= Assigned task =
Once you reach the line with "서울복지타임즈 이재연 기자" below, copy each line exactly, stopping after the line with "Dansko Women's Brown", and skip any pictures.

= Data extract =

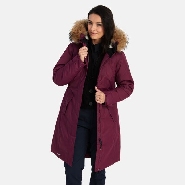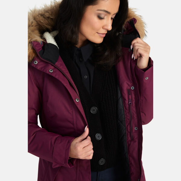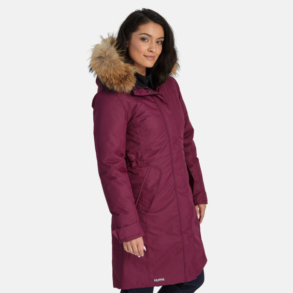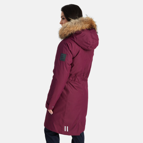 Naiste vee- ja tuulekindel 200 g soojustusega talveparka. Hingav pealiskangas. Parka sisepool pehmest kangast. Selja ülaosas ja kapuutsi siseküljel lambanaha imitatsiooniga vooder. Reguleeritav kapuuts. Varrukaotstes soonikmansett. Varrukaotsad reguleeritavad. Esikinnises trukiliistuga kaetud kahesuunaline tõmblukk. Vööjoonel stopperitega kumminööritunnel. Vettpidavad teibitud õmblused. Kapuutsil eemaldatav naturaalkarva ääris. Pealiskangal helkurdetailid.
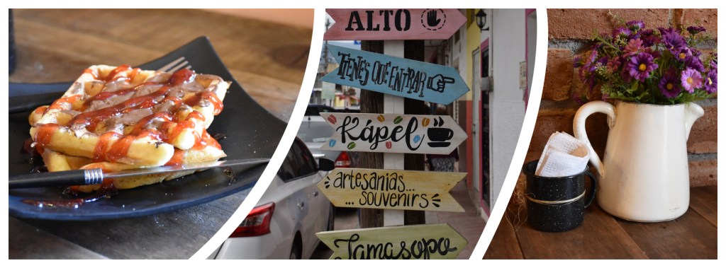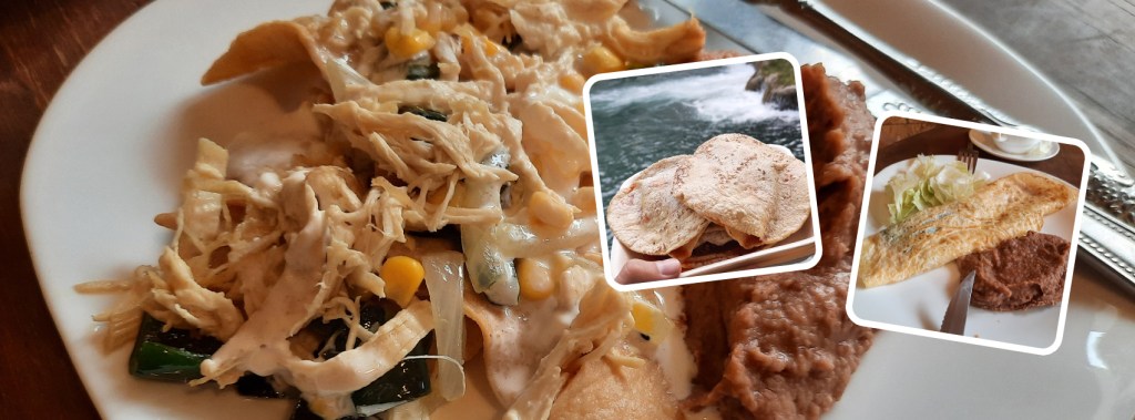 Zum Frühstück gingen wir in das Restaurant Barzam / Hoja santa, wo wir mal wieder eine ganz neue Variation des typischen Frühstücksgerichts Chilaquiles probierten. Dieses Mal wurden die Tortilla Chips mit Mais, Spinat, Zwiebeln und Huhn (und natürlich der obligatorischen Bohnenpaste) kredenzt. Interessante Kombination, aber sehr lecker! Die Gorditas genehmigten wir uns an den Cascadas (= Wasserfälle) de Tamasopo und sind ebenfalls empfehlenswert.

...

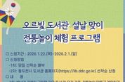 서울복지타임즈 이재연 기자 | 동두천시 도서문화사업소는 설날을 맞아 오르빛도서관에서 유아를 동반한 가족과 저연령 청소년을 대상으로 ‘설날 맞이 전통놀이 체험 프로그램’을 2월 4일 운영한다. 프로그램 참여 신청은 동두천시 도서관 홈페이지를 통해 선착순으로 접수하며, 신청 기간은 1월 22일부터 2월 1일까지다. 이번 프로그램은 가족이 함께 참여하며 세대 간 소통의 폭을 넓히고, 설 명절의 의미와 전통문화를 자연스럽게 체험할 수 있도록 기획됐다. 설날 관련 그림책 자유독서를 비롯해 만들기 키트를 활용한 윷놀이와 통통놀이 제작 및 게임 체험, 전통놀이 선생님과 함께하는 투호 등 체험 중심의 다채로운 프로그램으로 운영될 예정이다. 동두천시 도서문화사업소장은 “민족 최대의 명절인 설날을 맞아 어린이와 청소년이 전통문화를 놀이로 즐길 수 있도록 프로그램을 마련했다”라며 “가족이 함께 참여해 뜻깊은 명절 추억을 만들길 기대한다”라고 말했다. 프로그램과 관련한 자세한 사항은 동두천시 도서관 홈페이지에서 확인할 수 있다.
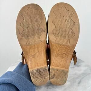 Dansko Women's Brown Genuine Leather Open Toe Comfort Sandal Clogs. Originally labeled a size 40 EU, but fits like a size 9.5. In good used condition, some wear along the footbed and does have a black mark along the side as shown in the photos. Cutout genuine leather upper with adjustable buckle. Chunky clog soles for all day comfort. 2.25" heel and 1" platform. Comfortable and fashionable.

= Output =
 서울복지타임즈 이재연 기자 | 동두천시 도서문화사업소는 설날을 맞아 오르빛도서관에서 유아를 동반한 가족과 저연령 청소년을 대상으로 ‘설날 맞이 전통놀이 체험 프로그램’을 2월 4일 운영한다. 프로그램 참여 신청은 동두천시 도서관 홈페이지를 통해 선착순으로 접수하며, 신청 기간은 1월 22일부터 2월 1일까지다. 이번 프로그램은 가족이 함께 참여하며 세대 간 소통의 폭을 넓히고, 설 명절의 의미와 전통문화를 자연스럽게 체험할 수 있도록 기획됐다. 설날 관련 그림책 자유독서를 비롯해 만들기 키트를 활용한 윷놀이와 통통놀이 제작 및 게임 체험, 전통놀이 선생님과 함께하는 투호 등 체험 중심의 다채로운 프로그램으로 운영될 예정이다. 동두천시 도서문화사업소장은 “민족 최대의 명절인 설날을 맞아 어린이와 청소년이 전통문화를 놀이로 즐길 수 있도록 프로그램을 마련했다”라며 “가족이 함께 참여해 뜻깊은 명절 추억을 만들길 기대한다”라고 말했다. 프로그램과 관련한 자세한 사항은 동두천시 도서관 홈페이지에서 확인할 수 있다.
 Dansko Women's Brown Genuine Leather Open Toe Comfort Sandal Clogs. Originally labeled a size 40 EU, but fits like a size 9.5. In good used condition, some wear along the footbed and does have a black mark along the side as shown in the photos. Cutout genuine leather upper with adjustable buckle. Chunky clog soles for all day comfort. 2.25" heel and 1" platform. Comfortable and fashionable.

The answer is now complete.